The ablation study indicates that both the low-level and high-level fusion processes are essential and cannot be removed without degrading the performance of the model, and accurate semantic segmentation can be achieved only when these two fusion processes are combined to process images.
5. Conclusions and Future Work
In the task of semantic segmentation for high-resolution images, achieving accurate segmentation results necessitates a comprehensive analysis of both detailed features and contextual information within the image. This paper presents a novel model specifically designed for performing ultra-high-resolution remote sensing imagery’s semantic segmentation. This model uses an attention mechanism and a multi-branch structure to perform feature fusion at two levels, and by adding the SENet module and transformer, it can effectively complete fine image processing through the local and surrounding branches and enhance the precision of semantic segmentation using the global contextual information captured by the global branch. We conducted extensive testing on the Vaihingen and Potsdam datasets, which encompass a diverse range of urban scenes and natural landscapes, ensuring the robustness of our approach. Compared to the majority of ResNet-based models, this model has higher segmentation precision.
Our research holds immense practical significance, as it offers valuable insights that can be applied across various domains in real-world applications. In fields such as unmanned driving and smart city, accurate semantic segmentation will greatly improve the security of targets to be identified or the accuracy of information systems, and it has significant real implications. Additionally, our approach enables the processing of remote sensing images within a specific time frame, allowing for the extraction of intricate information. This enables us to discern the patterns of development and changes in ground objects within a designated area, thus providing essential decision support for relevant stakeholders.
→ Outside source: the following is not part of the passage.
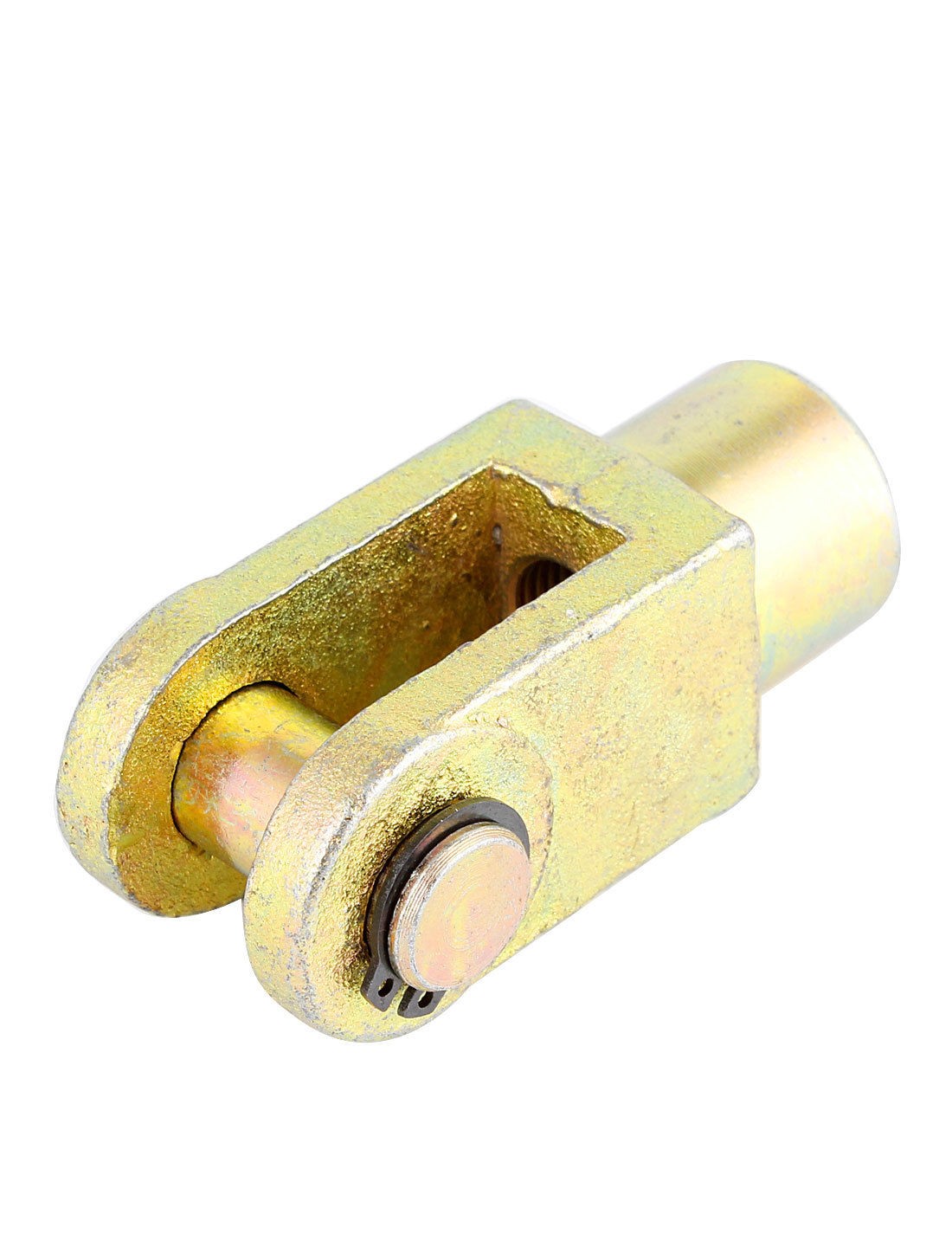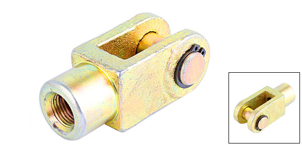 Details3/8 PT to 3/4 PT Male Thread Cylinder Rod Clevis End Brass Tone  Product Name Cylinder Clevis Material Brass Type Y Joint Female Thread Diameter 15mm Male Thead Diameter 28mm Thread Size 3/8 PT to 3/4PT(F to M) Clevis Pin Diameter 16mm / 0.6" Inner Gap Between Two Plate 17mm / 0.7" Total Size 80 x 43 x 31mm / 3.1" x 1.7" x 1.2" (L * W * T) Color Brass Tone Weight 317g Package Content 1 x Cylinder Clevis

Our future work will focus on enhancing computational efficiency and promoting model lightweights. We aim to optimize the model architecture to reduce computational burdens while maintaining accuracy. This includes utilizing techniques such as deep convolution and point convolution instead of standard convolution, as well as integrating void convolution into the SE module to minimize computational parameters. Additionally, we will adjust the multi-branch structure and introduce a dynamic weight adjustment mechanism to accelerate processing speed without significantly impacting performance.